_Exercise details_
Write out, word for word and with no pictures, each line below from the one containing "cho ngày lễ." through the one containing "弗若斯特沙利文數據還顯示,我", both included, and no other line.

_Task material_
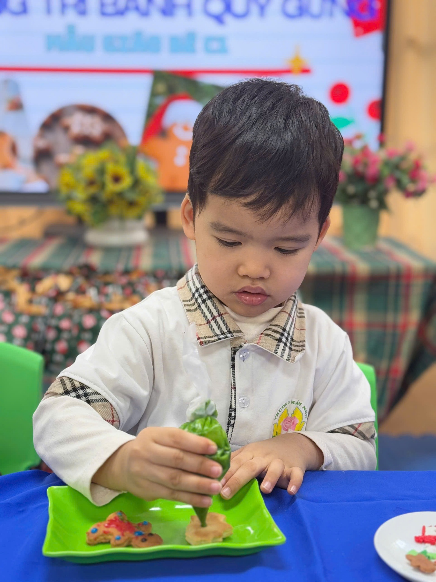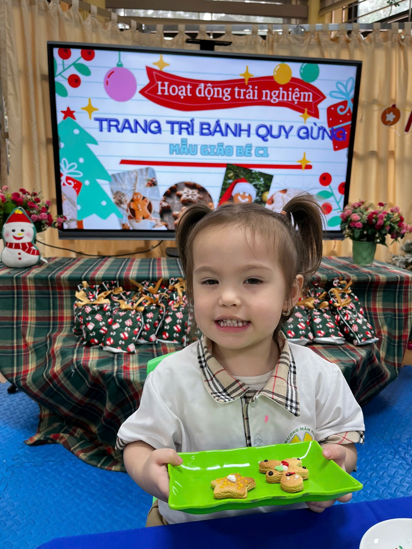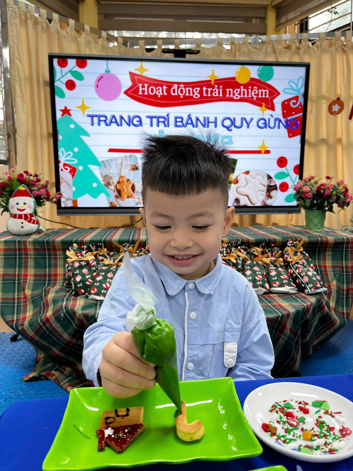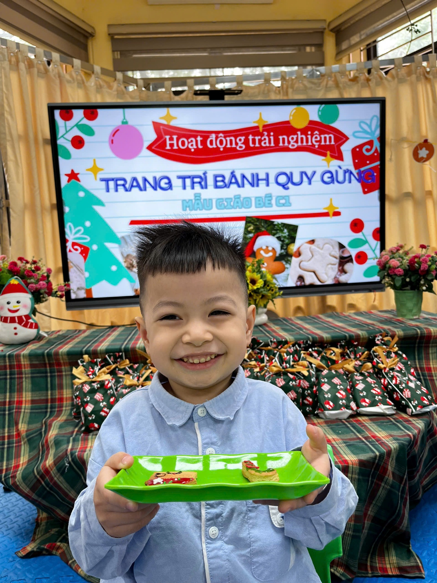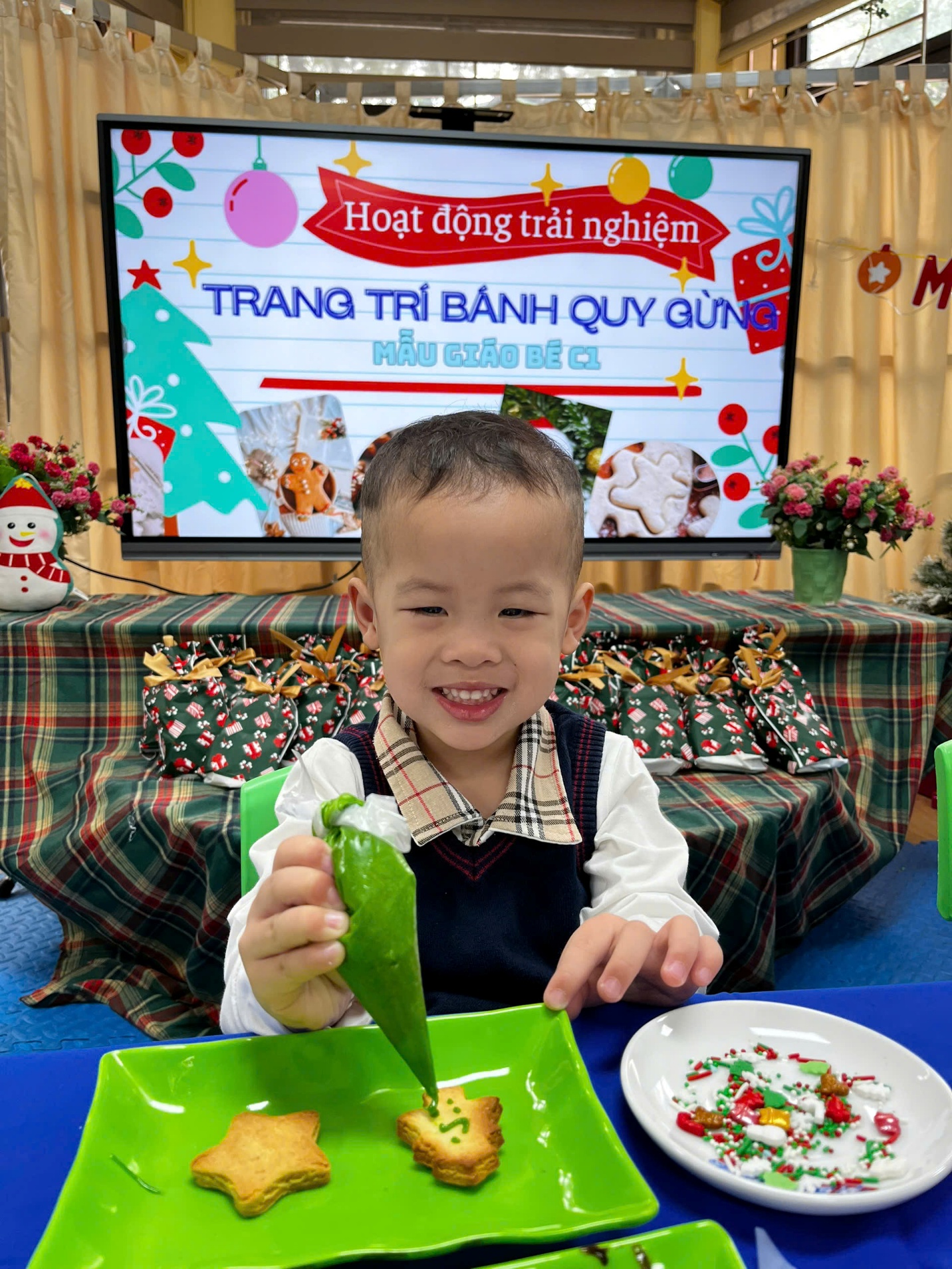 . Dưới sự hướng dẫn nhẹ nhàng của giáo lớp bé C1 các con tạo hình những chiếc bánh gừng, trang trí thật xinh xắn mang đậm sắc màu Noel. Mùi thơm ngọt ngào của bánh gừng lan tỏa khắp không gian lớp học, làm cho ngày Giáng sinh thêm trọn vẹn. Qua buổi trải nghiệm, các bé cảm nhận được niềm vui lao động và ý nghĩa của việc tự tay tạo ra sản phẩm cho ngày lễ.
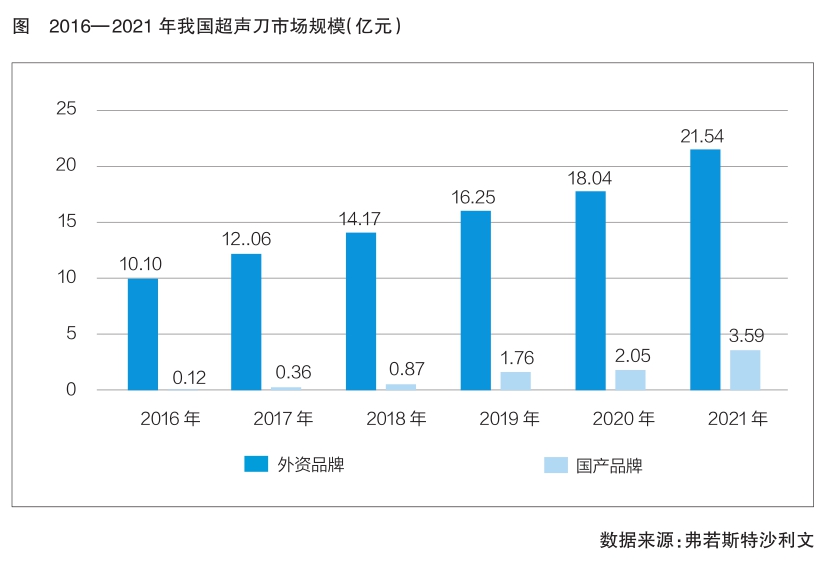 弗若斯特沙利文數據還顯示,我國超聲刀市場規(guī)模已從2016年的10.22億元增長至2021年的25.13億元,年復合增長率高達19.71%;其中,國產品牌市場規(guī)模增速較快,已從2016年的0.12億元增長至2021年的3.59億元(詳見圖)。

...

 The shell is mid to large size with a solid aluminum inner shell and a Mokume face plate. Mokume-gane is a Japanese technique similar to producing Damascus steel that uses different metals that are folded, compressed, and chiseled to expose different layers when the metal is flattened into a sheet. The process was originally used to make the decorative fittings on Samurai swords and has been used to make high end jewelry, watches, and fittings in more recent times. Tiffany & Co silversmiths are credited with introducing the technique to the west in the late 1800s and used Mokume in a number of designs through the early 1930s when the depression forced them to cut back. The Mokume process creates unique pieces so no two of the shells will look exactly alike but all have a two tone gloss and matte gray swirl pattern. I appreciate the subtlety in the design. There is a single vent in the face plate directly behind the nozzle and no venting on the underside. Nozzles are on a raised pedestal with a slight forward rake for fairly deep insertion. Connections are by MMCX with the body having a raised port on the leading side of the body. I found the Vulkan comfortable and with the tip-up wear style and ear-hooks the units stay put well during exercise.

_Task result_
 . Dưới sự hướng dẫn nhẹ nhàng của giáo lớp bé C1 các con tạo hình những chiếc bánh gừng, trang trí thật xinh xắn mang đậm sắc màu Noel. Mùi thơm ngọt ngào của bánh gừng lan tỏa khắp không gian lớp học, làm cho ngày Giáng sinh thêm trọn vẹn. Qua buổi trải nghiệm, các bé cảm nhận được niềm vui lao động và ý nghĩa của việc tự tay tạo ra sản phẩm cho ngày lễ.
 弗若斯特沙利文數據還顯示,我國超聲刀市場規(guī)模已從2016年的10.22億元增長至2021年的25.13億元,年復合增長率高達19.71%;其中,國產品牌市場規(guī)模增速較快,已從2016年的0.12億元增長至2021年的3.59億元(詳見圖)。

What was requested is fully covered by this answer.